The partnership with the University of Chile is a win-win for both institutions, said U.S. Ambassador to Chile Alejandro Wolff. Home to one of Latin America’s most prestigious law faculties, the University is aggressively expanding its international outreach, an effort led by its international relations director, Rodrigo Polanco (LL.M.’04). At the same time, Santiago is quickly becoming one of the developing world’s most entrepreneurial capitals, benefiting enormously from Chile’s steady economic growth, which was acknowledged by its 2010 membership to the OECD.

Forum tackles nuclear safety and climate change

Richard Stewart, University Professor and John Edward Sexton Professor of Law, moderated the November 30 Milbank Tweed Forum. Titled “Global Warming or Nuclear Meltdown? The Future of Nuclear Power After Fukushima,” the discussion took on issues ranging from fears of nuclear proliferation to the recent crisis at the Fukushima plant in Japan, and, on the plus side, whether nuclear power can provide stable, secure, low-carbon electricity and curb climate change. Panelists included Michael Levi, a senior fellow and director of the program on energy security and climate change at the Council of Foreign Relations; William McCollum, chief operating officer of the Tennessee Valley Authority, which operates three nuclear and 11 coal-fired plants; and Christopher Paine, nuclear program director for the Natural Resources Defense Council.

In his introduction to the discussion, Stewart, who is also the director of the Frank J. Guarini Center on Environmental and Land Use Law, noted that nearly all of the nuclear plants in the U.S. started construction before 1975 and that “ten years ago one would have said that the nuclear industry is moribund, there are not going to be any more new plants in the United States.” Then, he noted, “there was a change in direction and attitude” due to growth in energy demand, rising energy prices, concerns about energy security, and global warming. “There was talk in the 2005 era of a U.S. nuclear renaissance,” Stewart said.
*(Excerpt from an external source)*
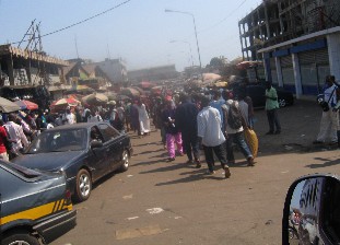 Etwa 50 km vor Conakry in dem Städtchen Dubreka werden wir zum ersten Mal durch Straßenkontrollen aufgehalten. Und danach folgt eine Kontrolle der anderen, ca. alle 5 km wieder. Je mehr wir uns Conakry nähern, desto größer wird die Staubglocke über uns. Die schöne rote Erde rund um Koundindé verändert sich in grau-gelben Sandstaub.

But, he added, “at this point the bloom is somewhat off the renaissance,” because of a drop in electric demand caused by the recession and safety concerns raised by the Fukushima incident. Additionally, Stewart noted, the U.S. has not figured out how it will dispose of its nuclear waste — the subject of his most recent book. “There’s a complex web of economic and environmental and security, as well as political and legal issues here,” he said.

Watch the full video of the event (1 h 13 min):

Student panel examines the health and environmental consequences of factory farms

The following account was written by Elizabeth Hallinan ’13, who was one of the organizers of the program, and then moderated the discussion.

On Tuesday, October 25th, NYU Law’s Student Animal Legal Defense Fund and the Environmental Law Society hosted a panel to discuss another crisis in the American food culture – the prevalence of Concentrated Animal Feeding Operations (CAFOs), colloquially known as factory farms.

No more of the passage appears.